--- TASK STATEMENT ---
Retyping the entries exactly is all that is required.

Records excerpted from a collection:
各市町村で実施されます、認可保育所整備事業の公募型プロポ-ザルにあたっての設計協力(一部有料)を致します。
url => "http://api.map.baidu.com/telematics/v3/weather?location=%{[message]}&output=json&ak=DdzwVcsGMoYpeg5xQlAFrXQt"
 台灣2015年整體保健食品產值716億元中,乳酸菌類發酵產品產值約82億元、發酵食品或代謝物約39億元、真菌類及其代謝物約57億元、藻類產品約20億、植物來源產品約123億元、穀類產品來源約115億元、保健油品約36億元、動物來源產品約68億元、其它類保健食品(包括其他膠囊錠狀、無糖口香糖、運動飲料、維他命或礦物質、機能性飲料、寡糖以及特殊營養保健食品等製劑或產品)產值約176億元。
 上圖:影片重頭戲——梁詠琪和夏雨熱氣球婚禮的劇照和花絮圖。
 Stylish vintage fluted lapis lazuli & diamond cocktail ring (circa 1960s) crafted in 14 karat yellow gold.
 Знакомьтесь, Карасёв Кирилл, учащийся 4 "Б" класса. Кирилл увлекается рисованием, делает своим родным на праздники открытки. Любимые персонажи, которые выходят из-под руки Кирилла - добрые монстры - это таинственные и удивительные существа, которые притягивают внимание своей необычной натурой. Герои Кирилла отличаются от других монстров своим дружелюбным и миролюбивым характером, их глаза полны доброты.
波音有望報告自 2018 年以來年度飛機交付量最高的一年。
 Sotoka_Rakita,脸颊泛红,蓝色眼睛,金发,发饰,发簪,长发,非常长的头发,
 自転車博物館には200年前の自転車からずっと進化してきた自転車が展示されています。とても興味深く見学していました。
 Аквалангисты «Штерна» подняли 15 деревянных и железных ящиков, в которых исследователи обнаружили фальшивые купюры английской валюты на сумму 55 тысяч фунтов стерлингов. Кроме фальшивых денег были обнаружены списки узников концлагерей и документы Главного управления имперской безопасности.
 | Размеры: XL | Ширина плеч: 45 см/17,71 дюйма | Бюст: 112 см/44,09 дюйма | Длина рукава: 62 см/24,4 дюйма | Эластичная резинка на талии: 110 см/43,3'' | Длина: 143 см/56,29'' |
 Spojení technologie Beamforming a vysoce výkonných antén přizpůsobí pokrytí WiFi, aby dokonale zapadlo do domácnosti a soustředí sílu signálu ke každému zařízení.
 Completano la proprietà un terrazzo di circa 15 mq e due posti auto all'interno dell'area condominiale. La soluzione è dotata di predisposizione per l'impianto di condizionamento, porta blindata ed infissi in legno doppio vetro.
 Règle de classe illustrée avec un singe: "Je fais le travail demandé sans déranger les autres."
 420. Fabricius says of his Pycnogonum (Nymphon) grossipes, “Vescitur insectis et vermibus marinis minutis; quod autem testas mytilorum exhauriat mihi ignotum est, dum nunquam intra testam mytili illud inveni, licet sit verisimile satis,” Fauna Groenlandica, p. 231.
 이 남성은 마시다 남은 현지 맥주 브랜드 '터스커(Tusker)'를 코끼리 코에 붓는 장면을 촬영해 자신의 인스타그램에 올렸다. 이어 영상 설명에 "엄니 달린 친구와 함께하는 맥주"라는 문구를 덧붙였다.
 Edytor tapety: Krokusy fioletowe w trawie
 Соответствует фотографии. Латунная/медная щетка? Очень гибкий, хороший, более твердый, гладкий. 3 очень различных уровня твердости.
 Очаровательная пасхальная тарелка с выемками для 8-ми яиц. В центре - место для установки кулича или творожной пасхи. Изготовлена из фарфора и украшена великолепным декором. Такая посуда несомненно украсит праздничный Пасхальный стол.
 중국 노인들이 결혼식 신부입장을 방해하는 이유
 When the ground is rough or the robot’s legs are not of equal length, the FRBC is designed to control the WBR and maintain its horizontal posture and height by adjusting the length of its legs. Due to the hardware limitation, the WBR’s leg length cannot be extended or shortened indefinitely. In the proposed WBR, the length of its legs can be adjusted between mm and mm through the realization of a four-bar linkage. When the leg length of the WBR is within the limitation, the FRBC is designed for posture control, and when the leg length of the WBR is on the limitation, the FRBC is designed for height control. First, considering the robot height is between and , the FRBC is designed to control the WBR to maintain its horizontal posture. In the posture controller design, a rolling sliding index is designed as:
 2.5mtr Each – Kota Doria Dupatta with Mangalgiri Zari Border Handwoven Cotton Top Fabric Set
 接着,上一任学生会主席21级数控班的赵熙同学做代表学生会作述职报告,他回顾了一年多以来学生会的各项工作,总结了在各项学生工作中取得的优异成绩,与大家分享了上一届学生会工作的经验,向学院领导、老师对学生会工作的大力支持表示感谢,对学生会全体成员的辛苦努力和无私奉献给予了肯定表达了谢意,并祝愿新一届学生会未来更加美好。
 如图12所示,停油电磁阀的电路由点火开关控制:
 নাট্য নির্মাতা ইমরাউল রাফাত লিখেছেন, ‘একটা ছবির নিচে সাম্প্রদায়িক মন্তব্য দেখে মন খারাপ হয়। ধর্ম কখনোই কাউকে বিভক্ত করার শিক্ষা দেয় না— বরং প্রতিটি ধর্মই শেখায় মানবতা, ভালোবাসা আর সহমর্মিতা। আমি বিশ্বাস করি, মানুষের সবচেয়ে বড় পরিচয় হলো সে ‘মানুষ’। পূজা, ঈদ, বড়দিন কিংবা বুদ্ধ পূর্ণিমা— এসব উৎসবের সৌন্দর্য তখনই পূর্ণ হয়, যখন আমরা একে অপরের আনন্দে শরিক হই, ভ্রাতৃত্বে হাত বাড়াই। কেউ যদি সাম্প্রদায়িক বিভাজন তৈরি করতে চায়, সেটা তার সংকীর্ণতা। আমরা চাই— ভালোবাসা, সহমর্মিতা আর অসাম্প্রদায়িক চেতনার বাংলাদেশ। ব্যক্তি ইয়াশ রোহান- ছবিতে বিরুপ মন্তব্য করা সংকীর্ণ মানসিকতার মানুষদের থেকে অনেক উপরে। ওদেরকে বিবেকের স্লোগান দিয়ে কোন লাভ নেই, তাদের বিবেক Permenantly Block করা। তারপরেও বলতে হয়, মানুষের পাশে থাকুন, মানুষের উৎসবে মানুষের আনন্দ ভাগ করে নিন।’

--- RESPONSE BELOW ---
各市町村で実施されます、認可保育所整備事業の公募型プロポ-ザルにあたっての設計協力(一部有料)を致します。
url => "http://api.map.baidu.com/telematics/v3/weather?location=%{[message]}&output=json&ak=DdzwVcsGMoYpeg5xQlAFrXQt"
 台灣2015年整體保健食品產值716億元中,乳酸菌類發酵產品產值約82億元、發酵食品或代謝物約39億元、真菌類及其代謝物約57億元、藻類產品約20億、植物來源產品約123億元、穀類產品來源約115億元、保健油品約36億元、動物來源產品約68億元、其它類保健食品(包括其他膠囊錠狀、無糖口香糖、運動飲料、維他命或礦物質、機能性飲料、寡糖以及特殊營養保健食品等製劑或產品)產值約176億元。
 上圖:影片重頭戲——梁詠琪和夏雨熱氣球婚禮的劇照和花絮圖。
 Stylish vintage fluted lapis lazuli & diamond cocktail ring (circa 1960s) crafted in 14 karat yellow gold.
 Знакомьтесь, Карасёв Кирилл, учащийся 4 "Б" класса. Кирилл увлекается рисованием, делает своим родным на праздники открытки. Любимые персонажи, которые выходят из-под руки Кирилла - добрые монстры - это таинственные и удивительные существа, которые притягивают внимание своей необычной натурой. Герои Кирилла отличаются от других монстров своим дружелюбным и миролюбивым характером, их глаза полны доброты.
波音有望報告自 2018 年以來年度飛機交付量最高的一年。
 Sotoka_Rakita,脸颊泛红,蓝色眼睛,金发,发饰,发簪,长发,非常长的头发,
 自転車博物館には200年前の自転車からずっと進化してきた自転車が展示されています。とても興味深く見学していました。
 Аквалангисты «Штерна» подняли 15 деревянных и железных ящиков, в которых исследователи обнаружили фальшивые купюры английской валюты на сумму 55 тысяч фунтов стерлингов. Кроме фальшивых денег были обнаружены списки узников концлагерей и документы Главного управления имперской безопасности.
 | Размеры: XL | Ширина плеч: 45 см/17,71 дюйма | Бюст: 112 см/44,09 дюйма | Длина рукава: 62 см/24,4 дюйма | Эластичная резинка на талии: 110 см/43,3'' | Длина: 143 см/56,29'' |
 Spojení technologie Beamforming a vysoce výkonných antén přizpůsobí pokrytí WiFi, aby dokonale zapadlo do domácnosti a soustředí sílu signálu ke každému zařízení.
 Completano la proprietà un terrazzo di circa 15 mq e due posti auto all'interno dell'area condominiale. La soluzione è dotata di predisposizione per l'impianto di condizionamento, porta blindata ed infissi in legno doppio vetro.
 Règle de classe illustrée avec un singe: "Je fais le travail demandé sans déranger les autres."
 420. Fabricius says of his Pycnogonum (Nymphon) grossipes, “Vescitur insectis et vermibus marinis minutis; quod autem testas mytilorum exhauriat mihi ignotum est, dum nunquam intra testam mytili illud inveni, licet sit verisimile satis,” Fauna Groenlandica, p. 231.
 이 남성은 마시다 남은 현지 맥주 브랜드 '터스커(Tusker)'를 코끼리 코에 붓는 장면을 촬영해 자신의 인스타그램에 올렸다. 이어 영상 설명에 "엄니 달린 친구와 함께하는 맥주"라는 문구를 덧붙였다.
 Edytor tapety: Krokusy fioletowe w trawie
 Соответствует фотографии. Латунная/медная щетка? Очень гибкий, хороший, более твердый, гладкий. 3 очень различных уровня твердости.
 Очаровательная пасхальная тарелка с выемками для 8-ми яиц. В центре - место для установки кулича или творожной пасхи. Изготовлена из фарфора и украшена великолепным декором. Такая посуда несомненно украсит праздничный Пасхальный стол.
 중국 노인들이 결혼식 신부입장을 방해하는 이유
 When the ground is rough or the robot’s legs are not of equal length, the FRBC is designed to control the WBR and maintain its horizontal posture and height by adjusting the length of its legs. Due to the hardware limitation, the WBR’s leg length cannot be extended or shortened indefinitely. In the proposed WBR, the length of its legs can be adjusted between mm and mm through the realization of a four-bar linkage. When the leg length of the WBR is within the limitation, the FRBC is designed for posture control, and when the leg length of the WBR is on the limitation, the FRBC is designed for height control. First, considering the robot height is between and , the FRBC is designed to control the WBR to maintain its horizontal posture. In the posture controller design, a rolling sliding index is designed as:
 2.5mtr Each – Kota Doria Dupatta with Mangalgiri Zari Border Handwoven Cotton Top Fabric Set
 接着,上一任学生会主席21级数控班的赵熙同学做代表学生会作述职报告,他回顾了一年多以来学生会的各项工作,总结了在各项学生工作中取得的优异成绩,与大家分享了上一届学生会工作的经验,向学院领导、老师对学生会工作的大力支持表示感谢,对学生会全体成员的辛苦努力和无私奉献给予了肯定表达了谢意,并祝愿新一届学生会未来更加美好。
 如图12所示,停油电磁阀的电路由点火开关控制:
 নাট্য নির্মাতা ইমরাউল রাফাত লিখেছেন, ‘একটা ছবির নিচে সাম্প্রদায়িক মন্তব্য দেখে মন খারাপ হয়। ধর্ম কখনোই কাউকে বিভক্ত করার শিক্ষা দেয় না— বরং প্রতিটি ধর্মই শেখায় মানবতা, ভালোবাসা আর সহমর্মিতা। আমি বিশ্বাস করি, মানুষের সবচেয়ে বড় পরিচয় হলো সে ‘মানুষ’। পূজা, ঈদ, বড়দিন কিংবা বুদ্ধ পূর্ণিমা— এসব উৎসবের সৌন্দর্য তখনই পূর্ণ হয়, যখন আমরা একে অপরের আনন্দে শরিক হই, ভ্রাতৃত্বে হাত বাড়াই। কেউ যদি সাম্প্রদায়িক বিভাজন তৈরি করতে চায়, সেটা তার সংকীর্ণতা। আমরা চাই— ভালোবাসা, সহমর্মিতা আর অসাম্প্রদায়িক চেতনার বাংলাদেশ। ব্যক্তি ইয়াশ রোহান- ছবিতে বিরুপ মন্তব্য করা সংকীর্ণ মানসিকতার মানুষদের থেকে অনেক উপরে। ওদেরকে বিবেকের স্লোগান দিয়ে কোন লাভ নেই, তাদের বিবেক Permenantly Block করা। তারপরেও বলতে হয়, মানুষের পাশে থাকুন, মানুষের উৎসবে মানুষের আনন্দ ভাগ করে নিন।’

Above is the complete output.